Chatbot for asking questions about documents using open-source tools. Uses Langchain with RAG.

Background

Many tutorials on LangChain chatbots rely on using paid tokens from 3rd party providers. Our aim is to construct a simple document question answering bot using open-source tools.

The model architecture is based on a ConversationalRetrievalChain with memory.

We tested with the following data:

  • csv - health record data available from Kaggle
    Where the source column of text is 'Transcription'
  • pdf Several academic papers on using machine learning for automatic code generation.

How to run

  1. Codebase uses pipenv as environment manager. Install pipenv
    pip install pipenv

  2. Navigate to the project directory.

  3. Run command
    pipenv install --ignore-pipfile

You can also of course install the required packages with your preferred environment manager. The package list is found in Pipfile.
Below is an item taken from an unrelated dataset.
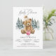 Bem-vindos amados com este encantador convite de chá de fraldas de inverno que apresenta um ursinho de peluche a aquarela em um chapéu, com um ornamento rosa, contra uma floresta de pinheiros com neve. O estilo suave e minimalista estabelece um tom sazonal aconchegante enquanto mantém o foco em sua celebração. Ideal para chás de fraldas hospedados durante o inverno ou a época de Natal, este design combina calor festivo com detalhes doces e eternos. Personalize o texto para se adequar ao seu encontro e torná-lo exclusivamente seu.

  1. Make sure you have a directory with the target documents that you want to ask questions about. At present, pdf and csv formats supported.

  2. Download an open-source language model. In this code, we used GPT4All.
    If you use other models,
    you must change the llm and embeddings imports to the appropriate one:
    from langchain.llms import GPT4All
    from langchain.embeddings import GPT4AllEmbeddings

Refer here for available LLMs.

  1. Create a local_config.py file with a MODEL_PATH variable pointing to your model.

  2. Navigate to your src directory and run:
    python main.py --directory '<document_path>' --file_type 'csv'

Improvements

Here are some ideas for improvements. We list them in order of priority:

  1. Performance improvement. Currently, a relatively involved question takes around 10 minutes.
    Yes, totally impractical but this is a first attempt on open-source data running on consumer-grade hardware.

  2. Document reference improvement. In the case of CSVs, the output includes the source rows of the answer,
    but there appears to be a bug with row duplication. Need to test how this works
    for multiple csv documents.

  3. More advanced pdf processing. It is practical to be able to handle PDFs with charts and tables.